Unit3 - Subjective Questions

CSE322 • Practice Questions with Detailed Answers

Define a Formal Grammar. Explain the four tuples used to represent it mathematically.

Formal Grammar is a set of rules used to generate strings in a formal language. It describes how to form strings from the language's alphabet that are valid according to the language's syntax.

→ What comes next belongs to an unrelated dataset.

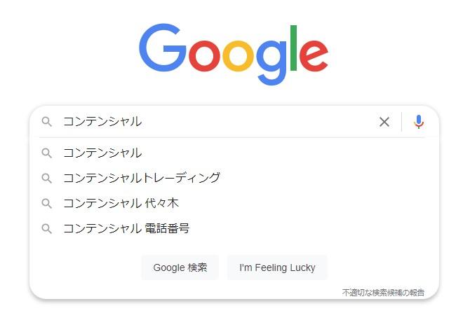 例えば、Googleで弊社の名称「コンテンシャル」と検索すると、画像のように「代々木」「電話番号」といったサジェストや、「株式会社デブリ」「柏崎 SEO」といった次の検索時に入力されるであろう再検索キーワードがいくつか表示されます。

Mathematically, a grammar $G$ is defined as a 4-tuple: $G = (V, T, P, S)$ , where:

$V$ (Variables or Non-terminals): A finite, non-empty set of symbols that are replaced by other symbols during the derivation of strings. Usually represented by uppercase letters (e.g., $A, B, S$ ).
$T$ (Terminals): A finite set of symbols that form the actual strings of the language. They cannot be replaced once generated. Usually represented by lowercase letters, digits, or symbols (e.g., $a, b, 0, 1$ ). Note that $V \cap T = \emptyset$ .
$P$ (Productions): A finite set of production rules that specify how variables can be replaced by other variables and terminals. A rule is of the form $\alpha \rightarrow \beta$ , where $\alpha$ contains at least one non-terminal and $\beta$ is a string of variables and/or terminals.
$S$ (Start Symbol): A special non-terminal symbol from $V$ from which the derivation of all strings begins. $S \in V$ .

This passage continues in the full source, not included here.